Petugas yang mengamakan kapal yang ditinggalkan pelaku dan kemudian membawa tersangka SA kelokasi dan neminta pelaku Sa untuk membongkar isi muatan speedboat  Alhasil, ditemukan 3 tas diduga berisikan narkotika jenis sabu yang dibungkus dalam kemasan teh cina merk Guan Yin Wang warna hijau beserta 1 unit handphone, dompet dan identitasnya.

"Dari hasil interogasi tersangka SA, diperoleh keterangan bahwa yang bersangkutan diperintah oleh seseorang yang berinisial RA alias ninja. Dari keterangan tersebut tim operasi gabungan melakukan pengembangan kasus dan berhasil mengamankan pelaku berinisial RA di wilayah Kabupaten Bengkalis," ujarnya.

Hasil perhitungan tim tersebut, ada tiga tas yang ditemukan di speedboat dengan sebuah tas dikemas dalam tas berwarna kuning merah berisi 19 bungkus, satu kantung dikemas dalam tas berwarna hitam biru berisi 18 bungkus dan satu kantung dikemas dalam tas berwarna hitam polos berisi 13 bungkus dengan total 50 kg.

Tampak hadir dalam kegiatan yang dipimpin langsung oleh Kepala Kantor Bea Cukai Dumai, Fuad Fauzi ini antara lain Dandenpomal Dumai, BNN Kota Dumai, serta perwakilan Polres Dumai, Kodim Dumai. Nampak hadir juga perwakilan Lembaga Swadaya Masyarakat penggiat anti narkoba di Kota Dumai.

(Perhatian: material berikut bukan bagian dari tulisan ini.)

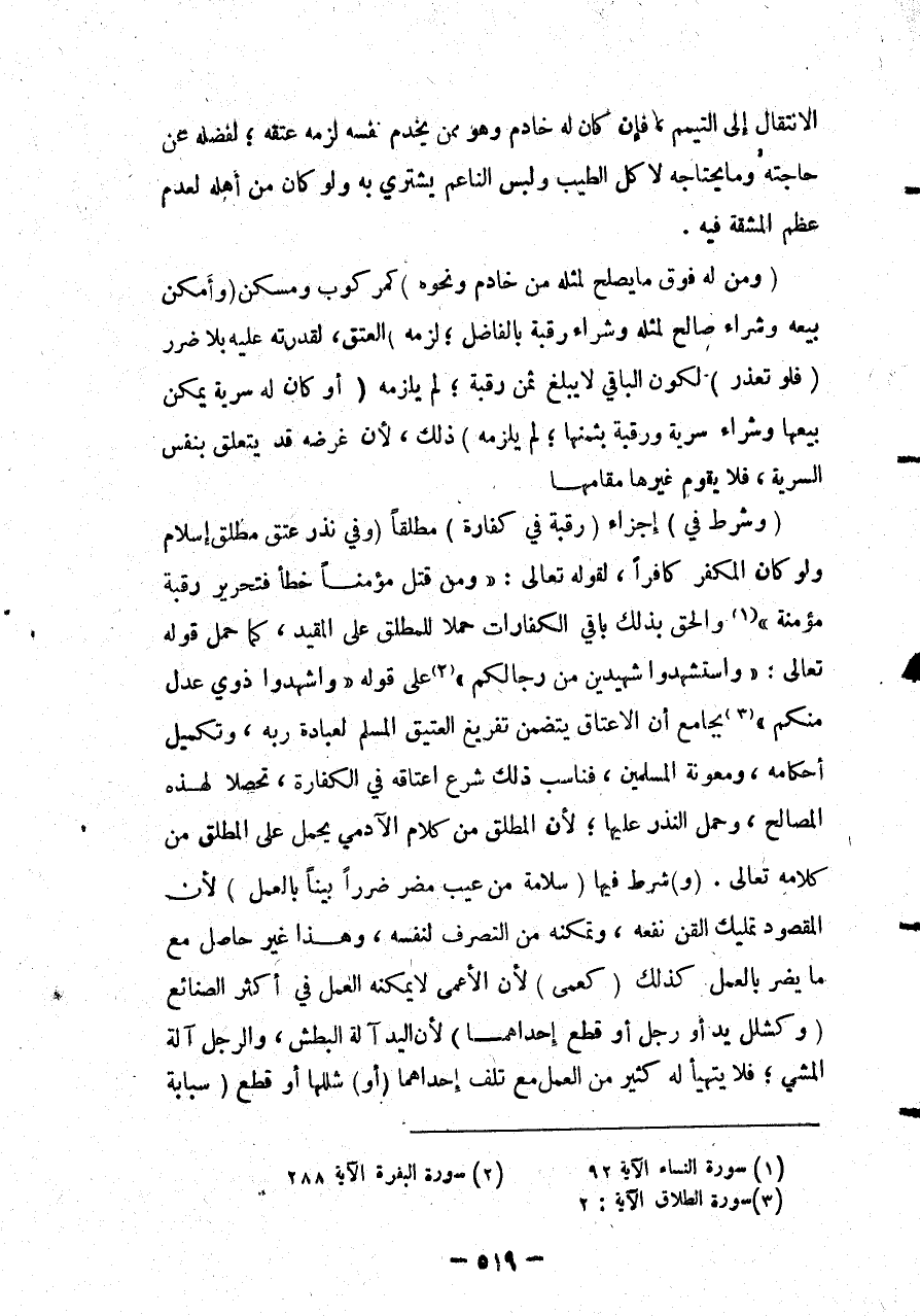 (وَشُرِطَ فِي) إجْزَاءِ (رَقَبَةٍ فِي كَفَّارَةٍ) مُطْلَقًا (وَفِي نَذْرِ عِتْقٍ مُطْلَقٍ إسْلَامٌ) وَلَوْ كَانَ الْمُكَفِّرُ كَافِرًا قَوْله تَعَالَى: {وَمَنْ قَتَلَ مُؤْمِنًا خَطَأً فَتَحْرِيرُ رَقَبَةٍ مُؤْمِنَةٍ} [النساء: 92] وَأُلْحِقَ بِذَلِكَ بَاقِي الْكَفَّارَاتِ حَمْلًا لِلْمُطْلَقِ عَلَى الْمُقَيَّدِ، كَمَا حُمِلَ قَوْله تَعَالَى {وَاسْتَشْهِدُوا شَهِيدَيْنِ مِنْ رِجَالِكُمْ} [البقرة: 282] عَلَى قَوْلِهِ {وَأَشْهِدُوا ذَوَيْ عَدْلٍ مِنْكُمْ} [الطلاق: 2] بِجَامِعِ أَنَّ الْإِعْتَاقَ يَتَضَمَّنُ تَفْرِيغَ الْعَتِيقِ الْمُسْلِمِ لِعِبَادَةِ رَبِّهِ، وَتَكْمِيلِ أَحْكَامِهِ، وَمَعُونَةِ الْمُسْلِمِينَ، فَنَاسَبَ ذَلِكَ شَرْعُ إعْتَاقِهِ فِي الْكَفَّارَةِ، تَحَصُّلًا لِهَذِهِ الْمَصَالِحِ، وَحُمِلَ النَّذْرُ عَلَيْهَا؛ لِأَنَّ الْمُطْلَقَ مِنْ كَلَامِ الْآدَمِيِّ يُحْمَلُ عَلَى الْمُطْلَقِ مِنْ كَلَامِهِ تَعَالَى (وَ) شُرِطَ فِيهَا (سَلَامَةٌ مِنْ عَيْبٍ مُضِرٍّ ضَرَرًا بَيِّنًا بِالْعَمَلِ) لِأَنَّ الْمَقْصُودَ تَمْلِيكُ الْقِنِّ نَفْعَهُ، وَتَمَكُّنُهُ مِنْ التَّصَرُّفِ لِنَفْسِهِ، وَهَذَا غَيْرُ حَاصِلٍ مَعَ مَا يَضُرُّ بِالْعَمَلِ كَذَلِكَ (كَعَمًى) لِأَنَّ الْأَعْمَى لَا يُمْكِنُهُ الْعَمَلُ فِي أَكْثَرِ الصَّنَائِعِ (وَكَشَلَلِ يَدٍ أَوْ رِجْلٍ أَوْ قَطْعِ إحْدَاهُمَا) لِأَنَّ الْيَدَ آلَةُ الْبَطْشِ، وَالرِّجْلَ آلَةُ الْمَشْيِ؛ فَلَا يَتَهَيَّأُ لَهُ كَثِيرٌ مِنْ الْعَمَلِ مَعَ تَلَفِ إحْدَاهُمَا (أَوْ) شَلَلِهَا أَوْ قَطْعِ (سَبَّابَةٍ

Dari penindakan ini, pelaku dijerat pasal Pasal 113 ayat 1 dan 2 Undang-undang No. 35 Tahun 2009 tentang Narkotika. Berhasil pula diamankan barang bukti berupa Shabu (Methaphetamine) seberat kurang lebih 50.000 Gram Brutto, dengan nilai barang sekitar Rp. 100.000.000.000,00 (Seratus milyar rupiah). Sementara secara immaterial, jika peredaran ini gagal di tegah, berpotensi merusak kesehatan ratusan ribu generasi bangsa. Pelaku dan barang bukti selanjutnya di serahkan ke Badan Narkotika Nasional (BNN) untuk proses lebih lanjut.